Now granted this was kind of a sales-ey (is to a word) presentation but I’m pretty impressed so far.
It seems what EMC has done is combined the best of Celerra and Centerra. (In fact, the gentleman giving the presentation sort of placed it on the map right between the two)
The basics of it is they get a bunch of 1U (Presumably Dell) Pizza-Box type servers and put them in front of a bunch of really *REALLY* cheap storage.
They then present the storage out using a variety of protocols, CIFS/NFS, and the REST/SOAP API’s.

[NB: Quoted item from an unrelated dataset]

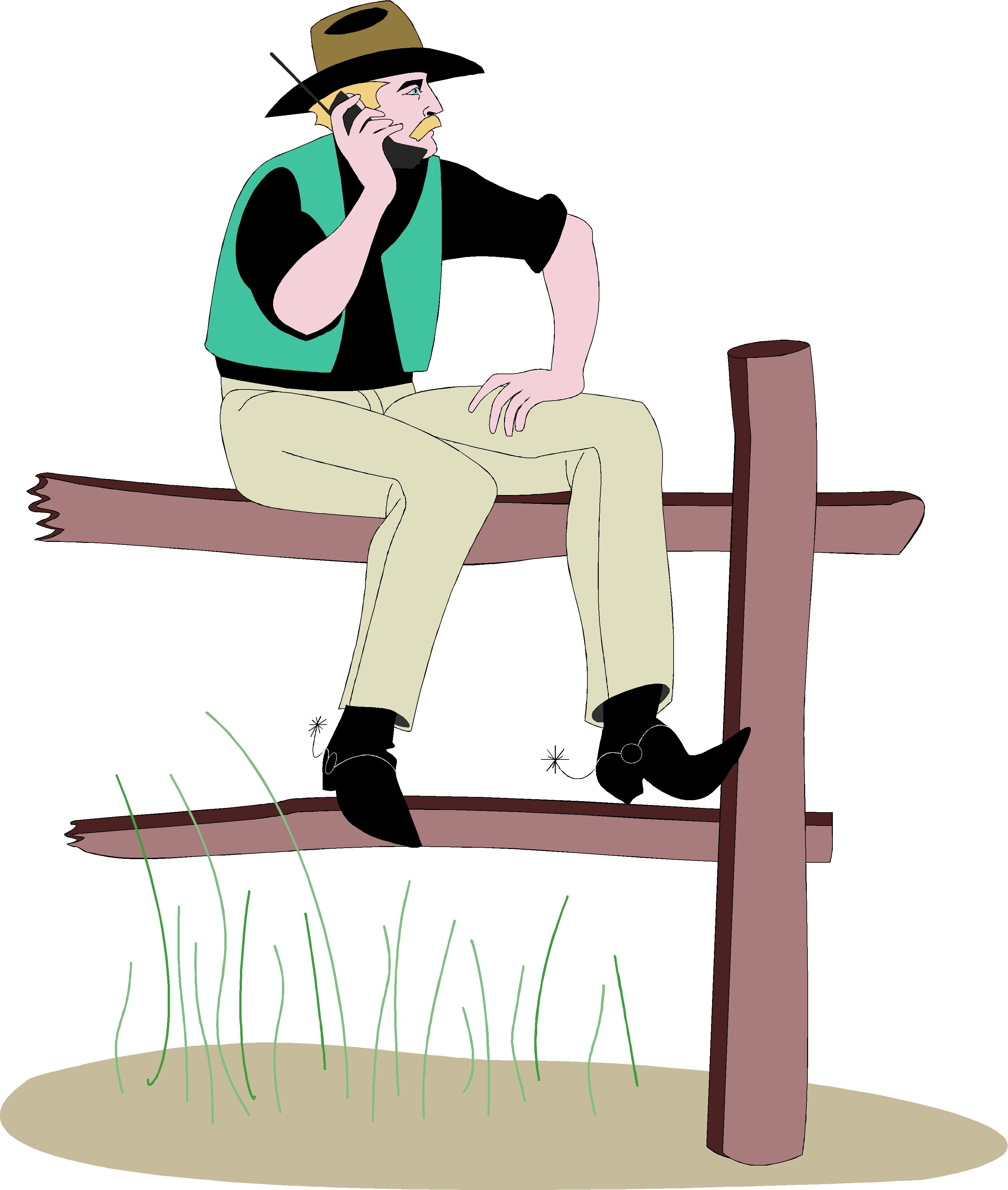 Cowboy on Cellular Phone Clip Art, Western & Rodeo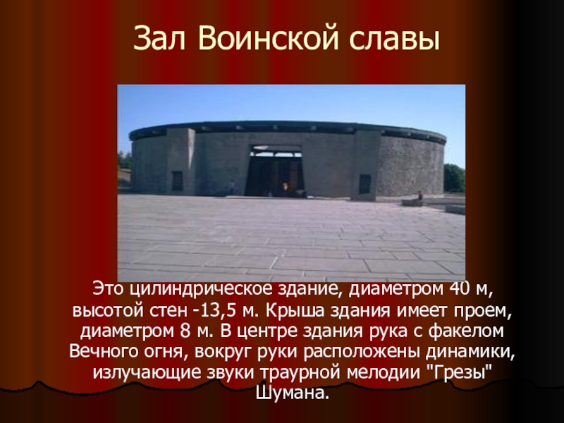 высотой стен -13,5 м. Крыша здания имеет проем, диаметром 8 м. В центре здания рука с факелом Вечного огня, вокруг руки расположены динамики, излучающие звуки траурной мелодии "Грезы" Шумана.

Rumors of an iSCSI could not be confirmed…or explained (how in the world would you convert block-storage to object-storage and expect any kind of real performance?)
Downsides….well, there are multiple single-points-of-failure in each frame, which is why when you invest in the Atmos hardware you will buy a minimum of two frames. I think this could have been avoided in a more robust deployment.
There is no “Compliance” edition (yet?) This would/could easily be the replacement for the Centerra, if they can just get past that little hurdle. I’ve known many customers (and been one myself) who have chosen the NetApp filer over Centerra for archiving because all we wanted/needed was a CIFS share that we could guarantee the content on.
I was not able to get reasonable performance numbers from the presenter. Assuming Gigabit-Ethernet off the internal switch/bus/apparatus maximum sustained transfer rate would be 125 MBytes/Sec. 10Gig-Ethernet is currently running at substantially less than the 1.25G that you would expect.
I’m curious as to what the world’s thoughts are on “Cloud” storage (I hate the term “Cloud” anything – it’s a mostly meaningless term that describes nothing but outsourcing.)
Next step: Get my hands on one and try it out. This may not be as much of a long-shot as it seems.